Industry stakeholders have raised fresh concerns over the potential long-term consequences of the Federal Government’s recent Executive Order altering key fiscal provisions of the Petroleum Industry Act (PIA), warning that the move could undermine the financial strength of NNPC Limited and weaken investor confidence in Nigeria’s oil and gas sector.
The Executive Order mandates the direct remittance of major oil and gas revenues into the Federation Account, effectively reversing revenue-retention mechanisms previously granted to NNPC Limited under the PIA. Those provisions allowed the national oil company to deduct a 30 per cent management fee and allocate 30 per cent of profit oil and gas to frontier exploration before remitting the balance to the government.
Stakeholders argue that removing those deductions significantly reduces the company’s internally generated funds, potentially constraining its operational capacity and long-term investment plans.
Energy analysts estimate that under the original PIA framework, NNPC Limited could have retained approximately $45 billion over the next five years based on moderate production and oil price assumptions. Under the new directive, projected retention could fall to around $15 billion — representing a potential $30 billion reduction in internally available capital.

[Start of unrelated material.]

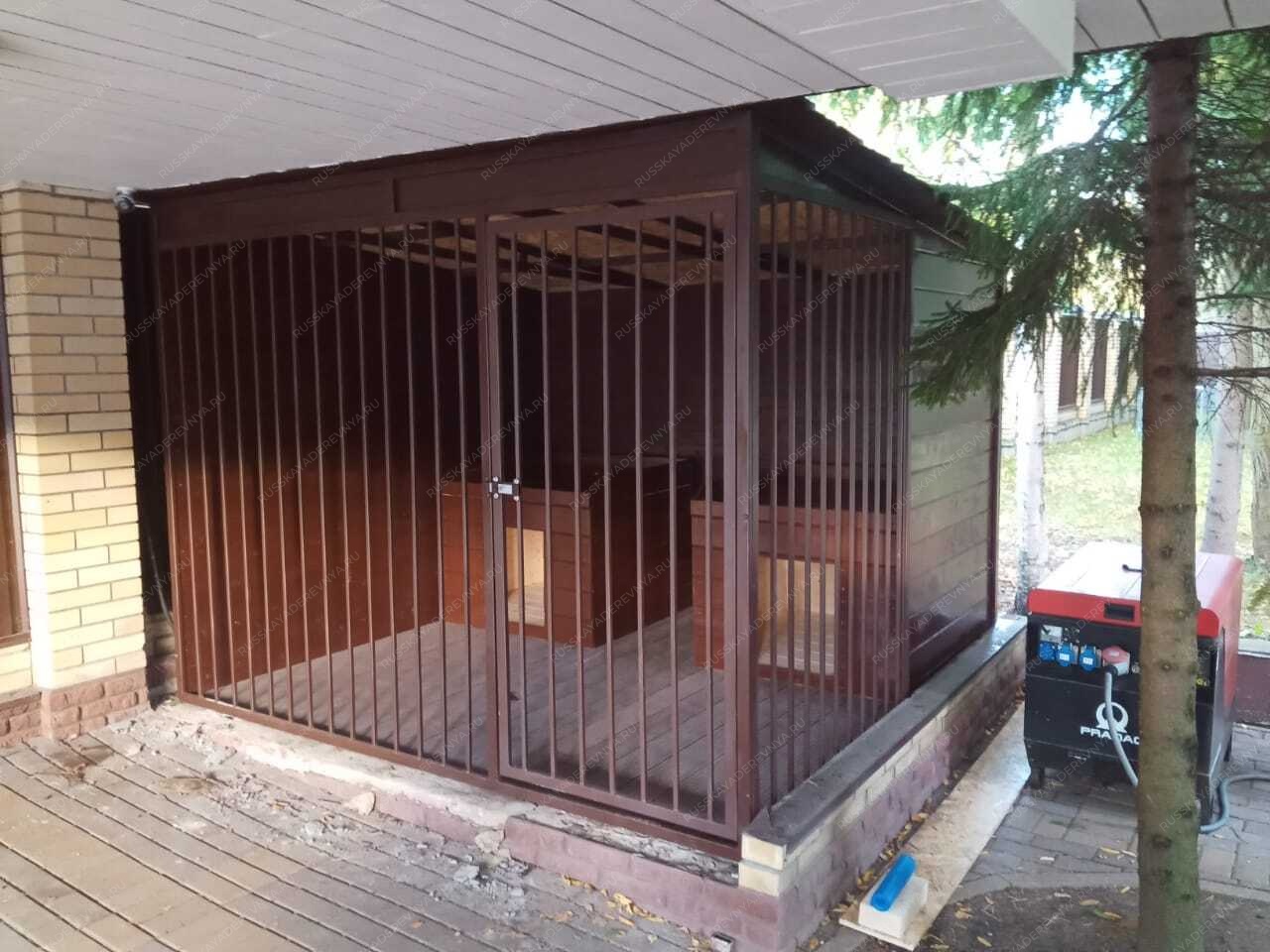 Мы изготавливаем вольеры по особой технологии, придуманной нами и проверенной временем. Установить изделие можно на любую поверхность, под него не нужен фундамент. Мы не ставим вольеры на блоки, поэтому наши вольеры выглядят стильно и аккуратно и не портят ландшафт. Крыша способна выдержать до 500 кг/м2 - не провалится под слоем снега. Решетка не погнется под натиском даже очень сильной собаки. Стенки очень крепкие - процарапать когтями дыру, сгрызть или пробить своим телом (как в вольерах из ОСБ фанеры, евровагонки или доски 25х100мм) не смогут собаки даже самых крупных пород. Можно выбрать расположение двери (справа или слева), а также направление открытия двери (наружу или внутрь). При заказе хозблока тоже можно выбрать его расположение (справа или слева). Уточняйте при согласовании заказа. Поворотная кормушка на 2 миски входит в стоимость.

“This is not just an accounting adjustment,” a senior industry executive said. “It alters the financial architecture upon which the post-PIA oil sector reforms were built.”
The PIA, enacted in 2021, was widely regarded as a transformative law aimed at commercialising Nigeria’s national oil company and positioning it to compete globally. By granting greater financial autonomy and allowing revenue retention for reinvestment, the law sought to strengthen exploration, expand gas infrastructure, and improve operational efficiency.

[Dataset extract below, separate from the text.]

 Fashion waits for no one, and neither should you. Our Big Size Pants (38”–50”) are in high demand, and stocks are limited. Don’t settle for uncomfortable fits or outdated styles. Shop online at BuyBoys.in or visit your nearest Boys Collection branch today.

Critics of the new Executive Order contend that limiting NNPC’s ability to retain funds could slow frontier basin exploration, delay upstream projects, and increase reliance on borrowing to finance capital expenditure. With annual investment requirements in the range of $8–10 billion, analysts warn that the company may now need to seek substantial external financing to maintain current project commitments.
Increased borrowing, they caution, could raise debt servicing costs and expose the company to higher financial risk, particularly in a volatile oil price environment.
Supporters of the Executive Order argue that it enhances fiscal transparency and ensures that oil revenues are immediately available for distribution to federal, state and local governments through the Federation Account. At a time of revenue pressures and economic headwinds, the government views the measure as necessary to boost public finances.
However, labour unions and industry associations have expressed fears that weakening the company’s cashflow position could ultimately affect job security, project timelines and Nigeria’s competitiveness as an investment destination.
Beyond financial concerns, legal experts have also questioned whether substantive changes to the PIA’s fiscal framework can be implemented through executive action alone, noting that the PIA is an Act of the National Assembly.
As debate intensifies, stakeholders are calling for dialogue between policymakers, industry leaders and legislators to clarify the long-term strategy for Nigeria’s oil and gas sector.
For now, the Executive Order has introduced a new layer of uncertainty into an industry that only recently emerged from decades of regulatory instability. Whether the policy strengthens public finances without compromising sector viability remains a critical question for Africa’s largest oil producer.